Therefore to avoid wastage of resources configurator is a removable device. Task of controller in the configurator is to control configuring and reconfiguring operations of FPGAs through ROMs. There are total ten (10) status LEDs (Light Emitting Diodes) on the two edges of the base board. Five LEDs are placed on one edge and remaining five on the opposite edge of the board as shown in the figure 4. These LEDs can be used for different purposes. For example these LEDs can be used for hardware/software debugging or can be used for showing different statuses of running applications. There are two expansion slots on the base board, one is top expansion slot and second is bottom expansion slot. These slots are placed for daughter board attachments.

Base board has two independent roles. If only the base board is used and no daughter cards are attached on the expansion slots than this is a simple dual FPGA based system in which both the FPGAs are the main processing elements connected through a high speed bus for data transferring.
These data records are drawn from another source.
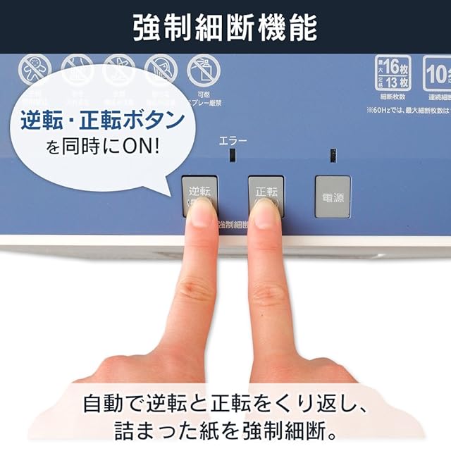 【強制細断機能】:万が一、紙が詰まっても安心。 逆転と正典のボタンを同時に押すと、自動で逆転と正転をくり返し、詰まった紙を強制的に細断する。
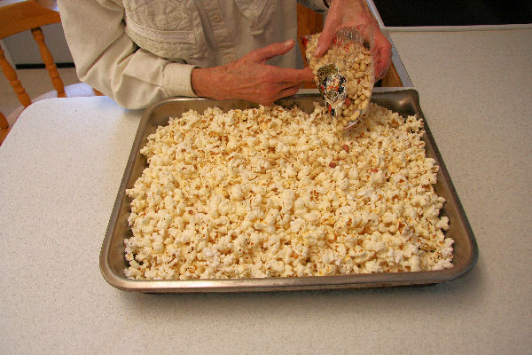 Add the Peanuts Now Bernice adds the peanuts to the popped caramel-popcorn. We used a package of raw Virginia peanuts. You could also add other kinds of nuts, pecan, macadamia, or cashew in addition or in substitute. All of the nuts should be unsalted. Of course, you can just omit the nuts altogether if desired or necessary. ⇦ Back to Step 3 On to Step 5 ⇨Return to Caramel Popcorn - Page 1 |
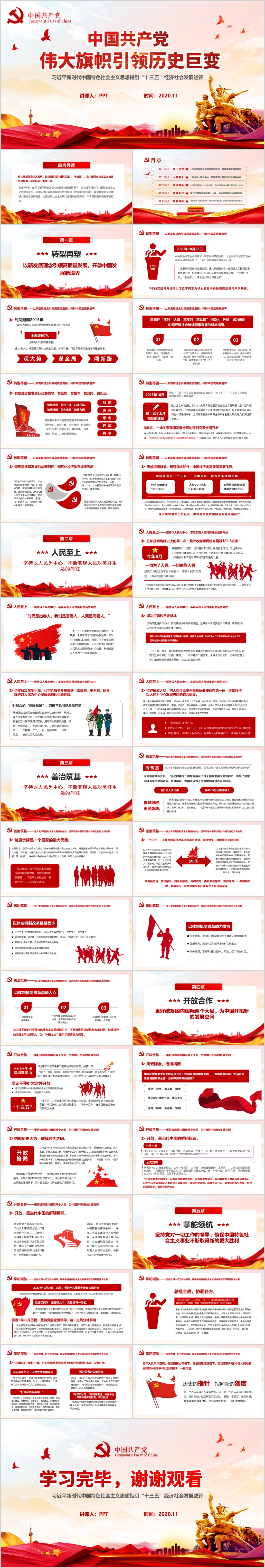 中国共产党十九届五中全会伟大旗帜引领历史巨变PPT模版
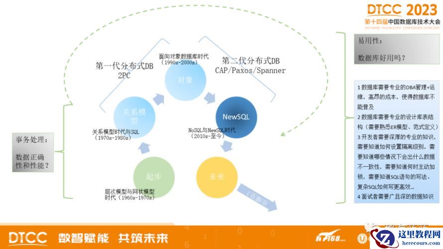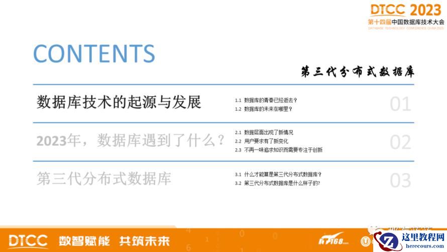 2023年8月DTCC,分享了题为“第三代分布式数据库”的内容。其中,包括了三个方面的内容,如图1:
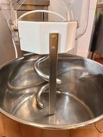 Impastatrice da 25kg a spirale con testa fissa e rompi pasta centrale in acciaio inox cm 40d x 26h, capacità 32l.

Base board plays its second role when daughter boards are attached with it through its expansion slots. If one or two daughter boards are attached with it than FPGAs placed on the Base board act like a temporary cache for data storage of daughter boards FPGAs and also used as routing only FPGAs between two daughter boards. Please note that Base board and

daughter boards should be stacked in such a way that Base board must be in the middle of the stack as shown in figure 6.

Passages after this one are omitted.